▶ [Task to complete]
Transcribe all data verbatim. Skip the pictures.

▶ [Supplied data]
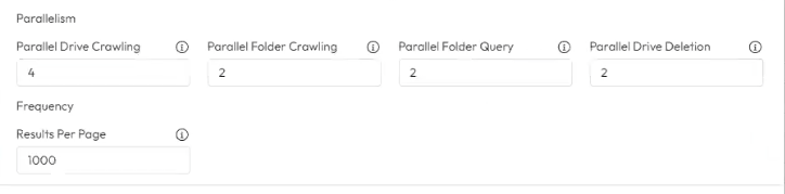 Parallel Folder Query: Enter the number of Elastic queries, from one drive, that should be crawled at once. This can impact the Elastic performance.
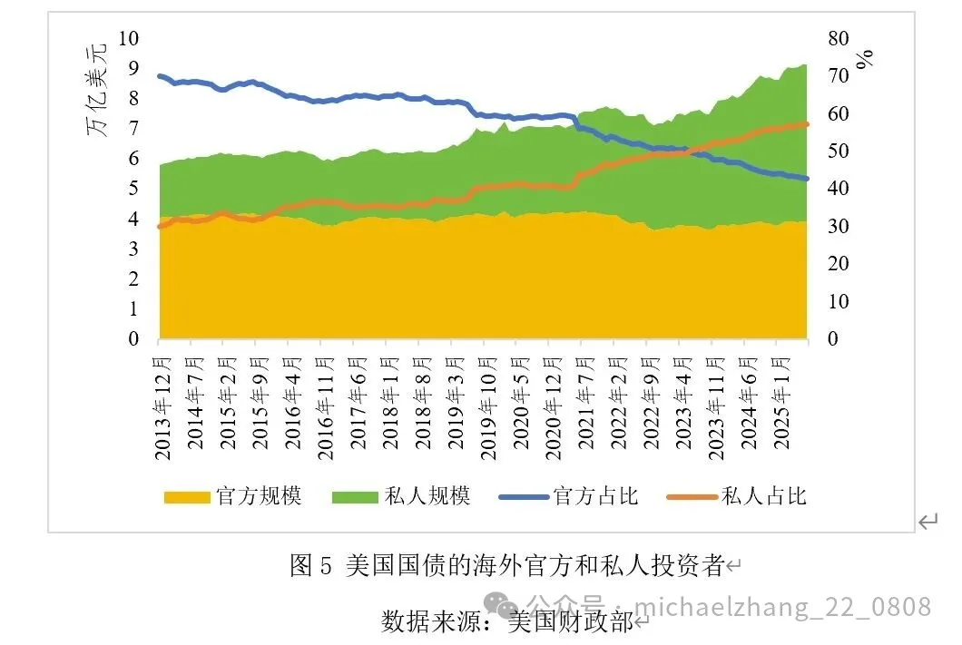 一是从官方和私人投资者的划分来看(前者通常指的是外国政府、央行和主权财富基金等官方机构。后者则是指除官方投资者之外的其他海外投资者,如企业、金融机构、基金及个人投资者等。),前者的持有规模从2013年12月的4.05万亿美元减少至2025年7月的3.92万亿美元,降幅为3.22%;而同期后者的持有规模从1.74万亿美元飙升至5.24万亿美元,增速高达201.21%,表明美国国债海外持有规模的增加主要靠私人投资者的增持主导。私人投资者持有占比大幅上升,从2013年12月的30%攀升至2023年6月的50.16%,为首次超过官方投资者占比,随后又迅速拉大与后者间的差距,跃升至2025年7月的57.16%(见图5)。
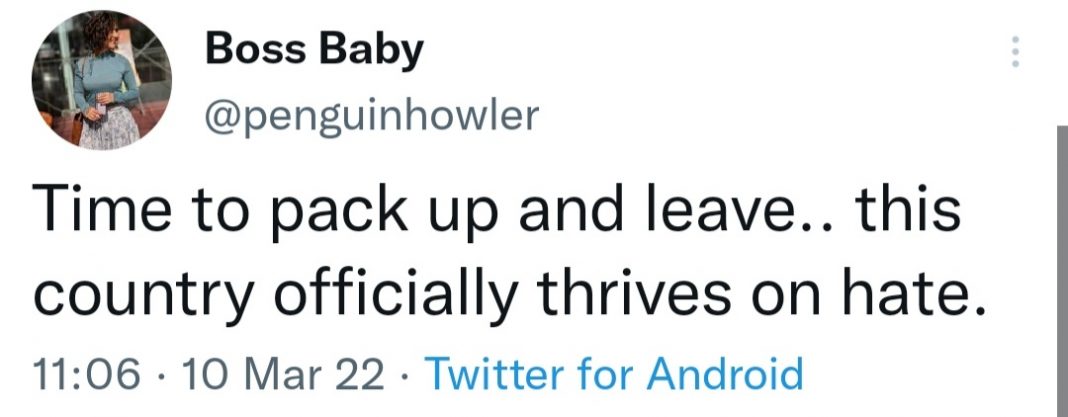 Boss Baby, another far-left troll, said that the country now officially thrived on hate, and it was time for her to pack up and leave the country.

▶ [Result of the exercise]
 Parallel Folder Query: Enter the number of Elastic queries, from one drive, that should be crawled at once. This can impact the Elastic performance.
 一是从官方和私人投资者的划分来看(前者通常指的是外国政府、央行和主权财富基金等官方机构。后者则是指除官方投资者之外的其他海外投资者,如企业、金融机构、基金及个人投资者等。),前者的持有规模从2013年12月的4.05万亿美元减少至2025年7月的3.92万亿美元,降幅为3.22%;而同期后者的持有规模从1.74万亿美元飙升至5.24万亿美元,增速高达201.21%,表明美国国债海外持有规模的增加主要靠私人投资者的增持主导。私人投资者持有占比大幅上升,从2013年12月的30%攀升至2023年6月的50.16%,为首次超过官方投资者占比,随后又迅速拉大与后者间的差距,跃升至2025年7月的57.16%(见图5)。
 Boss Baby, another far-left troll, said that the country now officially thrived on hate, and it was time for her to pack up and leave the country.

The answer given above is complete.